### Exercise brief:
Nothing but the lines from the start of the entries through the line holding "Æ Lazítsa meg" is to be repeated, exactly and with pictures excluded.

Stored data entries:
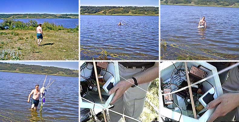 ![]() An amateur in the area was contacted on 2 meters and was on his way with a boat. But an hour after 'splash down', when the telemetry radio quit transmitting that should have functioned for several days, James figured that the payload may be taking on water and that he had better swim out and rescue the payload before it sank. This was no small task as it was nearly a quarter mile swim to the package. |
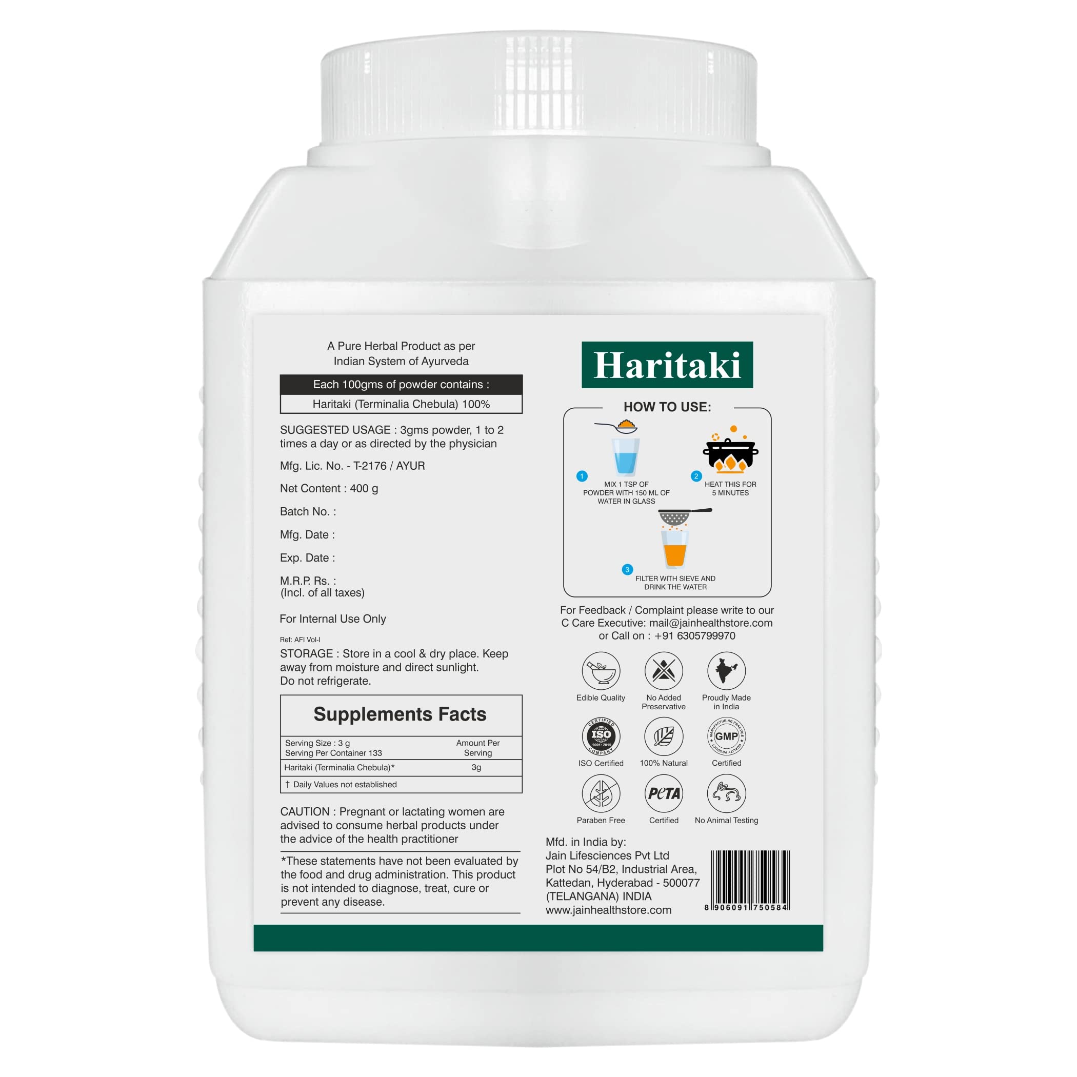 Jain Haritaki (Terminalia Chebula/Harade) Powder 400g
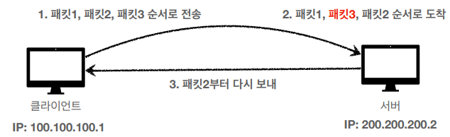 - 비신뢰성 : 중간에 패킷이 사라지거나, 패킷이 순서대로 서버측에 도착하지 않을수도 있다.
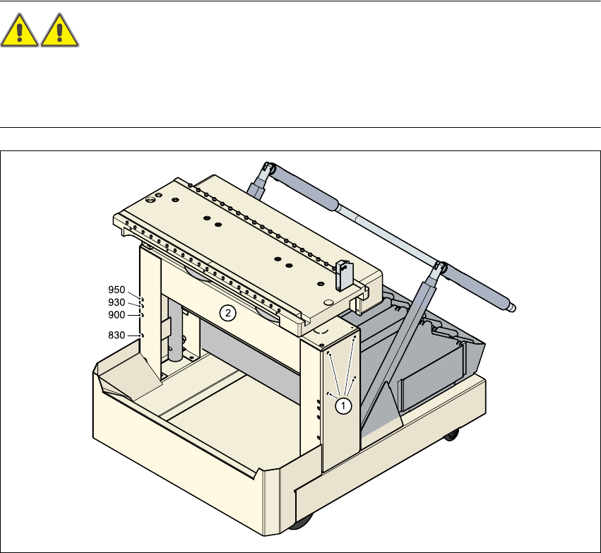 Æ Lazítsa meg az alkatrészkocsi mindkét oldalán a négy rögzítőcsavart (lásd 4.3 - 1 ábra, 1.
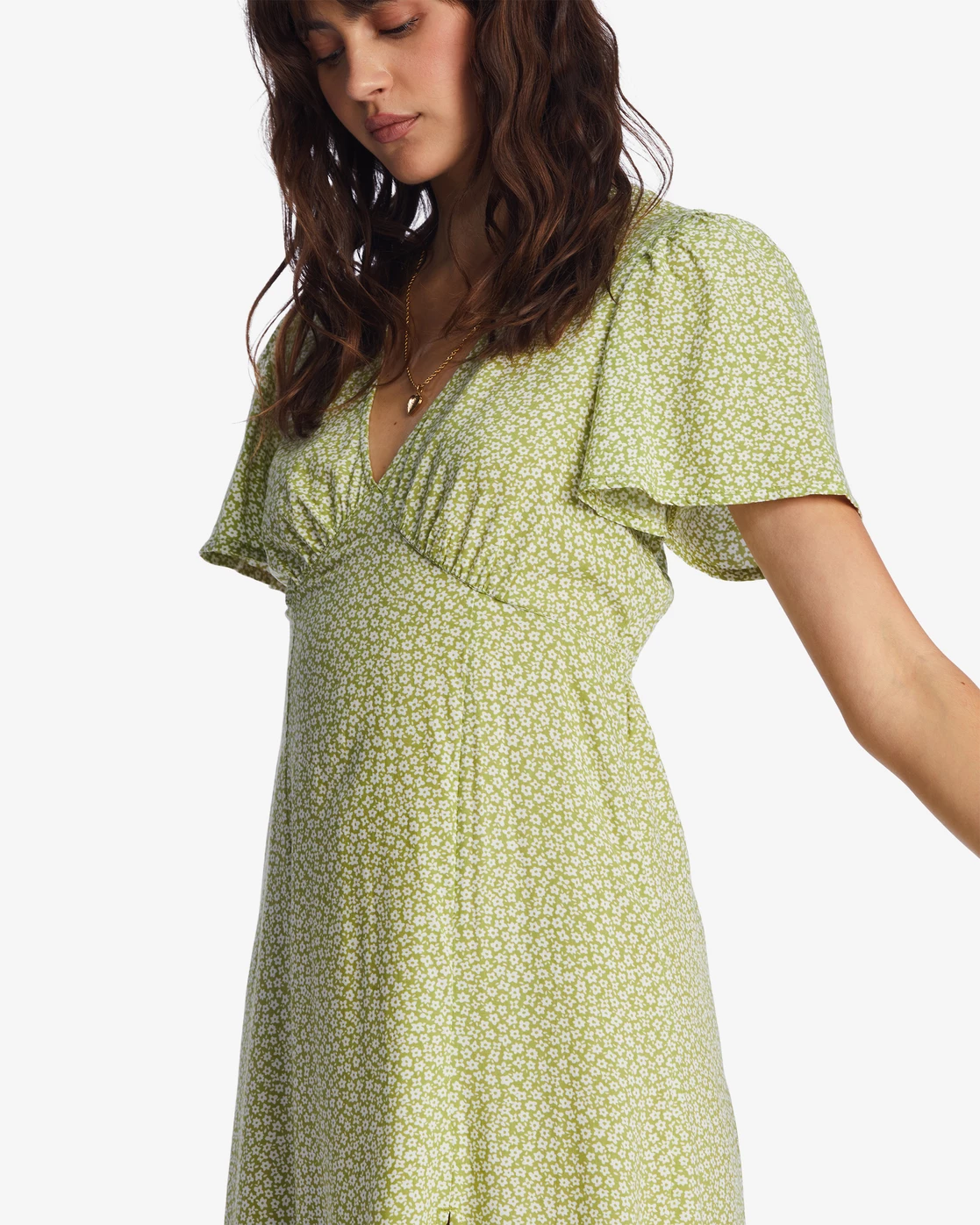 With its deep V-neck, flutter sleeves, and flirty side slit, this fitted mini dress will quickly reach favorite status.
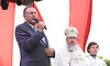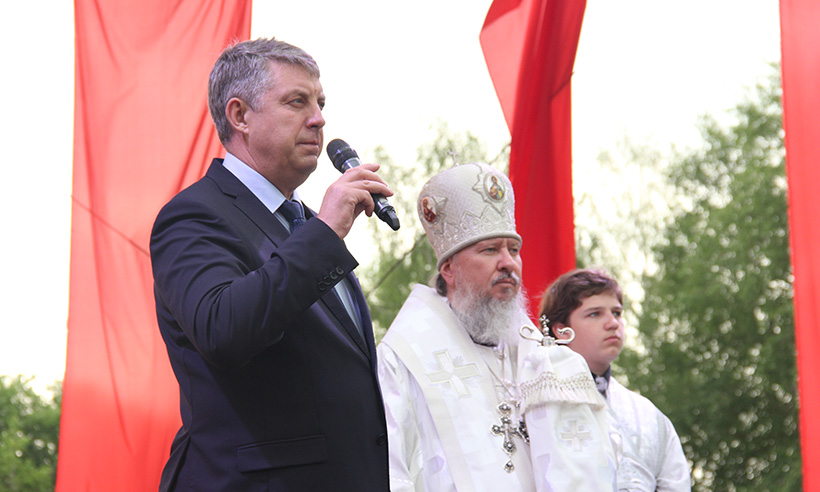 — Сегодня мы пришли на эту площадь почтить память наших предков, тех, кто 75 лет назад встал на защиту Родины, на защиту нашей Брянщины. Жестокой была эта война, но наши предки стойко защищали свою Родину. Православная вера помогала выдержать тот натиск фашизма, который вероломно обрушился на нашу страну. Я недавно посмотрел карту 31 года, когда фашисты поделили между своими кланами земли Брянской, Орловской, Калужской и ряда других областей. И они говорили своим солдатам: вы идете — это ваша земля. Но наши предки сказали: «Нет, это земля наша!» И они отстояли эту землю!
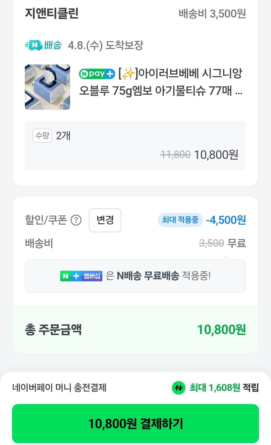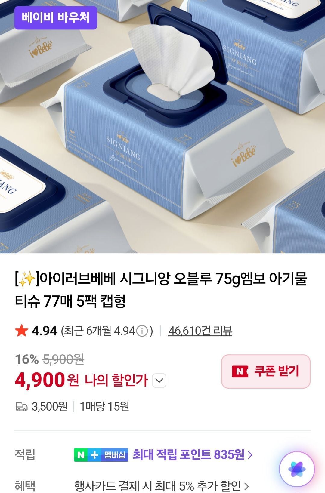 | 네이버 | 멤버십)아이러브베베 시그니앙 오블루 75g엠보 물티슈 10팩 | 10,800원 | 핫딜모음에서 제공한 가격 |
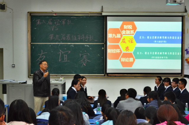 2014年11月6日下午1点20分,财税金融系“财经杯”第九届辩论赛友谊赛在B210正式拉开帷幕。我们有幸邀请到了财税金融系党支部书记祝刚同志,财税金融系学生党支部书记李虹同志,13、14级的两位专职辅导员以及我系学生会主席到场作为点评嘉宾。
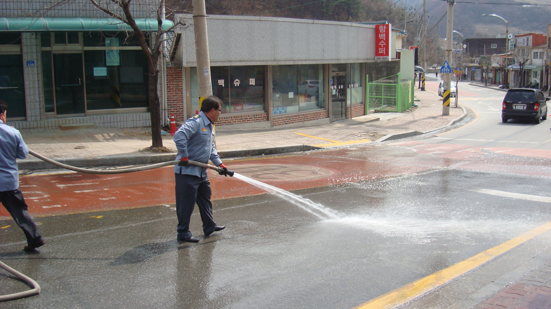 지저분한 거리를 물로 깨끗히 청소하는 함백의소대~~
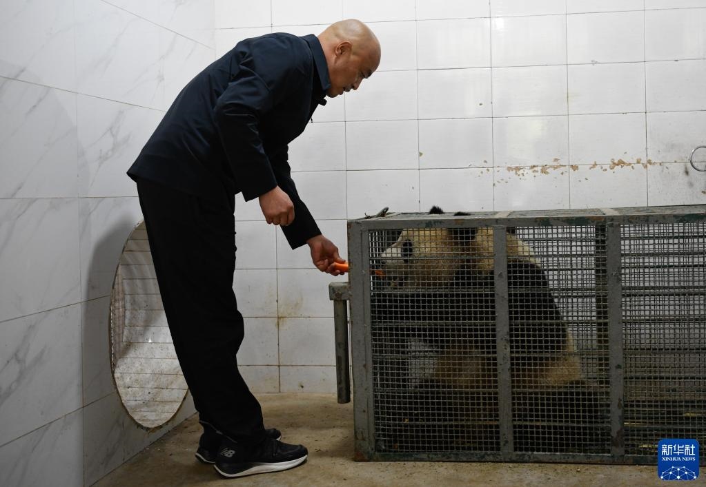 10月18日,在中國大熊貓保護(hù)研究中心雅安基地,飼養(yǎng)師董禮用胡蘿卜安撫進(jìn)入轉(zhuǎn)運籠的大熊貓“四?!薄P氯A社記者 胥冰潔 攝
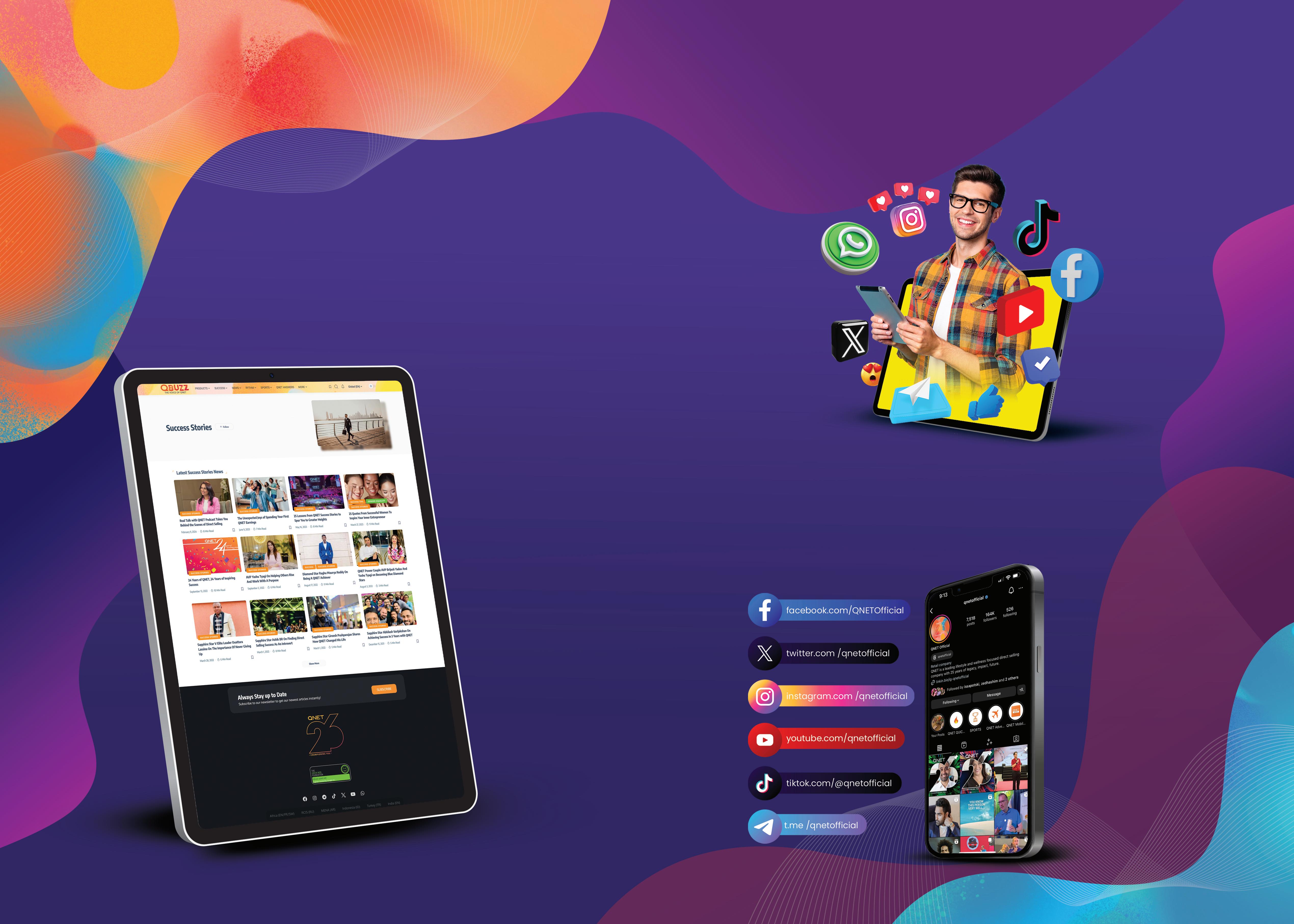 Engage with QNET on over 50 social media channels in 9 languages. Follow us on Facebook, Instagram, Twitter, YouTube, TikTok, Telegram, and WhatsApp Channel for the latest news, product launches, and inspiring stories.

### Final answer:
 ![]() An amateur in the area was contacted on 2 meters and was on his way with a boat. But an hour after 'splash down', when the telemetry radio quit transmitting that should have functioned for several days, James figured that the payload may be taking on water and that he had better swim out and rescue the payload before it sank. This was no small task as it was nearly a quarter mile swim to the package. |
 Jain Haritaki (Terminalia Chebula/Harade) Powder 400g
 - 비신뢰성 : 중간에 패킷이 사라지거나, 패킷이 순서대로 서버측에 도착하지 않을수도 있다.
 Æ Lazítsa meg az alkatrészkocsi mindkét oldalán a négy rögzítőcsavart (lásd 4.3 - 1 ábra, 1.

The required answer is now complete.